Members of our group have previously found elevated levels of RANTES in fluids from chambers overlying PAg challenge sites (24). RANTES is a potent attractant and activator of eosinophils (18). Unfortunately, there were insufficient amounts of chamber fluid available to compare RANTES levels at PAg and Candida challenge sites in the present study. mRNA for IL-5, a cytokine which can activate and prolong survival of eosinophils, has been found at LPR sites (15, 16). It has also been found that such IL-5 mRNA deposition correlates with the modest percentage of cells containing IL-5 protein (9). However, we have not found IL-5 protein released into the overlying chamber fluids at PAg challenge sites, possibly because of inadequately sensitive techniques.
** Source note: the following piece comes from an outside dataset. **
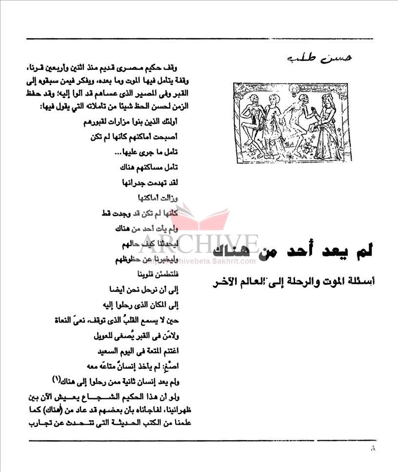 لم يعد أحد من هناك أسئلة الموت والرحلة إلى العالم الآخر

Thus, it appears that LPR and DH reactions, which may appear grossly similar at 24 h after intradermal challenge, are characterized by different patterns of mast cell activation and granulocyte response during the first 5 h of challenge. The greater neutrophil responses at sites of developing LPR may be due to the higher local IL-8 levels at such sites. Further characterization of the causal inflammatory mediators may enhance our understanding of pathogenic mechanisms in these two types of immune responses.

ACKNOWLEDGMENT

This work was supported by NIH grant RO1 AI 14332.